AI has made packaging design faster than ever. A designer can generate multiple concepts, explore different visual styles, and create packaging directions in minutes. But an AI-generated packaging design is not automatically a print-ready packaging file.

The challenge begins when a concept created for a screen needs to become artwork that a printer, converter, or packaging manufacturer can actually produce.

AI-generated designs may contain low-resolution elements, incorrect text, RGB colours, inconsistent details, or artwork that does not account for the physical structure of the package. Turning that concept into production artwork requires a combination of design judgment and prepress knowledge.

Adobe’s packaging guidance highlights the importance of elements such as dielines, colour settings, bleed, and appropriate file formats when preparing packaging for printing.

Here are five major challenges of converting AI packaging designs into print-ready files, along with practical ways to address them.

Quick Answer: What Makes AI Packaging Designs Difficult to Prepare for Print?

The five common challenges are:

  1. Insufficient image resolution
  2. RGB colours and colour-management issues
  3. AI-generated typography and inaccurate details
  4. Dielines, bleed, and physical packaging requirements
  5. Prepress, file preparation, and production quality control

The solution is not simply to export the AI image as a high-resolution PDF. The artwork often needs to be reconstructed, refined, checked, and prepared according to the printer’s production specifications.

1. Low Resolution and Image Quality

One of the first problems with AI-generated packaging artwork is resolution.

An image can look sharp on a laptop or smartphone while still being unsuitable for its final physical size.
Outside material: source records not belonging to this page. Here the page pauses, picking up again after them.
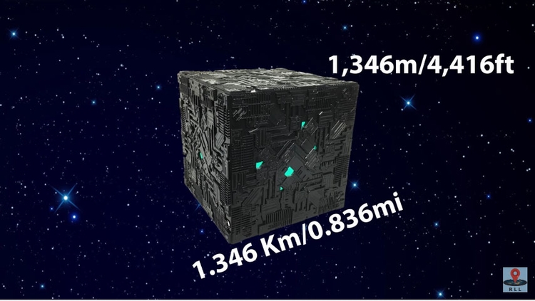 所以这个立方体的长跟宽必须是1.346公里,高必须是1346公尺。听起来很巨大,不过…
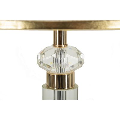 | Descrizione | Elegante lampada da tavolo in metallo dorato con applicazioni trasparenti. Completa di paralume in tessuto beige con finiture dorate. |
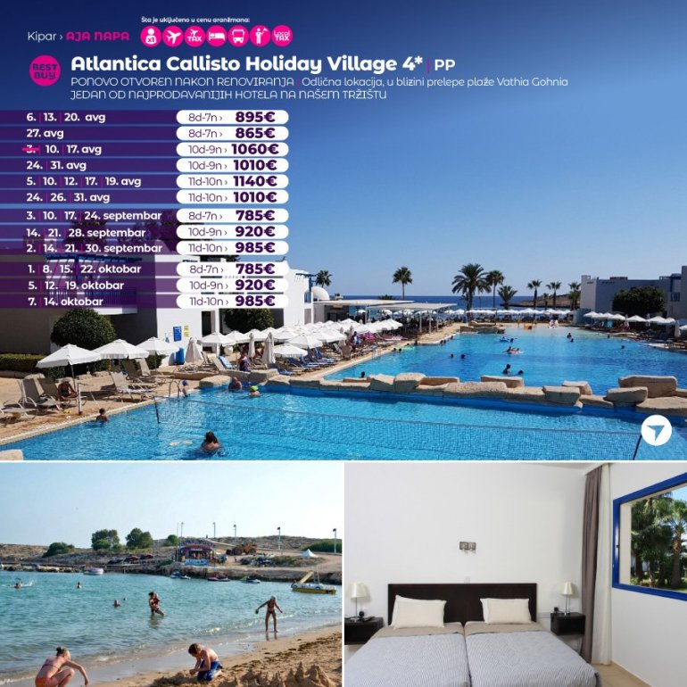 Callisto je kompleks osmišljen kao kopija tradicionalnog mediteranskog sela sa belim dvospratnim vilama plavih šalona, prozora i vrata. Vile su okružene egzotičnim drvećem i cvećem, povezane uzanim stazama sa centralnim delom hotela, u kome se nalazi restoran, recepcija, bezeni i prolaz do prelepe peščane plaže. Idealan izbor za porodice sa decom i sve ostale koji uživaju u raskošnoj prirodi, a na nekoliko minuta hoda od glavne ulice poznatog letovališta Aja Napa. Centar grada udaljen je 1,5km. Besplatan ulaz u akva park nedaleko od hotela!
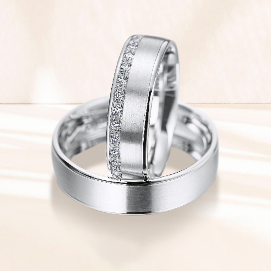 Erleben Sie bei uns das gesamte Meister-Ehering-Sortiment und damit eine große Auswahl an Gelb-Weiß, Rosegold oder Platin Eheringen. Mit Brillanten oder Diament, zart, elegant oder klassisch.
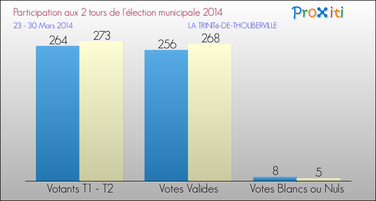 Le taux de participation à La Trinité-de-Thouberville est donc de 73.78% pour ce second tour et le taux d'abstention a donc été de 26.22%.
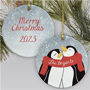 .Welcome Hugging Penguin Couple Personalized Garden Flag
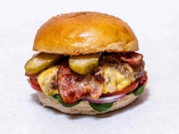 Domáca žemľa, 150g 100% hovädzie mäso, americký domáci dresing, polníček, rajčina, grilovaná slaninka, cheddar syr, červená cibuľka, pickles uhorky
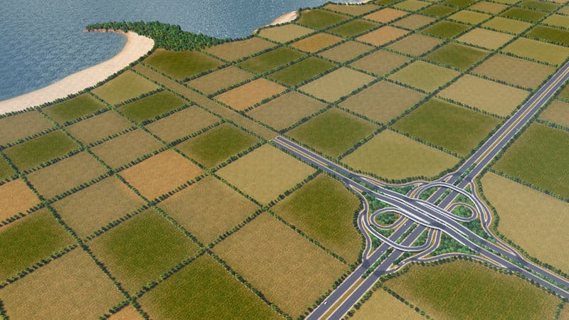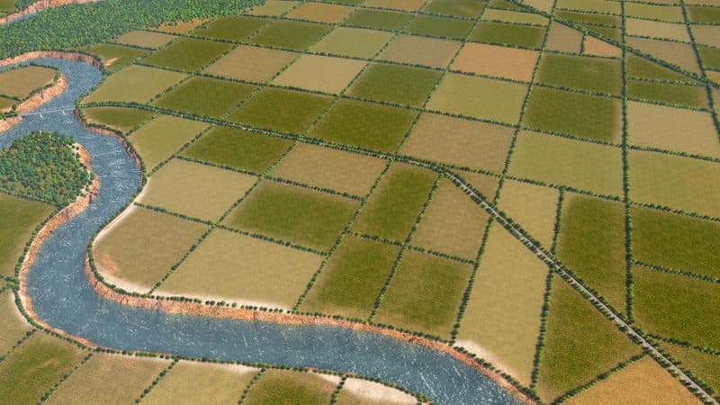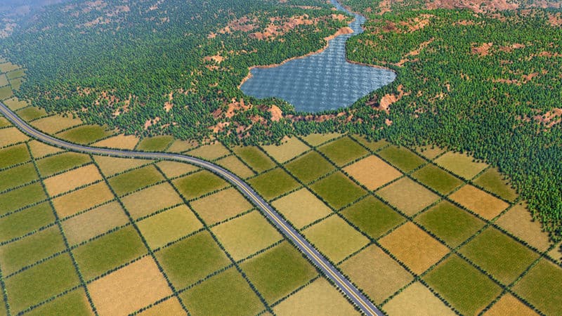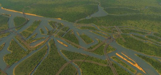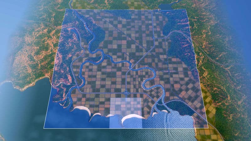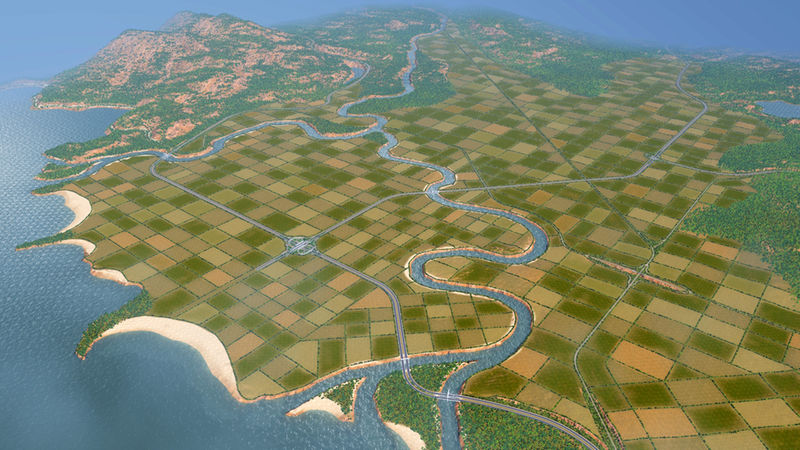 Clear Lake is a parcel of relatively flat land nestled between mountains and a large lake. It includes a couple rivers and a reservoir, highways and railroads, and of course lots of farmland. The starting tile and ideal location for a downtown is on the central piece of land surrounded by the rivers and lake. It’s mostly flat and perfect for building. The map is mostly based on data from a lakeside town in California.

This becomes especially important when an AI image needs to cover a large carton, pouch, label, display, or other packaging surface.

For example, an AI-generated image may contain enough pixels for a digital presentation but lose detail when enlarged for production.

Why this creates a problem

Low effective resolution can result in:

  • Soft images
  • Pixelation
  • Loss of fine details
  • Blurred product imagery
  • Poor-quality gradients
  • Unprofessional printed results

The correct resolution depends on the printing process and final output size. Adobe notes that image resolution requirements can vary according to the printing process and recommends discussing requirements with the prepress provider.

How to solve it

A production artwork workflow can include:

AI image → resolution check → enlargement/upscaling → detail correction → final-size inspection

However, simply upscaling an image does not always solve every problem. Important elements may need to be recreated as vectors or rebuilt manually.

2. RGB Colours Can Create Print Problems

Another common challenge is colour.

AI image generators generally create visuals for screen-based environments, while commercial printing involves specific colour-management workflows.

A design might look vibrant on a monitor but reproduce differently when printed.

This is particularly important for packaging because colour can be closely associated with a brand. A slight variation in a key brand colour may affect consistency across products, SKUs, or print runs.

Adobe’s packaging guidance notes that packaging files are commonly prepared using CMYK colour settings and advises checking requirements with the print vendor before exporting.

What needs to be checked?

A packaging artwork specialist may need to review:

  • RGB vs. CMYK artwork
  • Colour profiles
  • Spot colours
  • Brand colours
  • Rich black
  • Overprint settings
  • Colour separations
  • Special inks

The correct workflow depends on the printer and production method, so blindly converting everything to CMYK is not always the right approach.

The better process is to understand the printer’s specification first and prepare the artwork accordingly.

3. AI-Generated Text and Fine Details

AI is excellent at generating visual concepts, but text can be a major production challenge.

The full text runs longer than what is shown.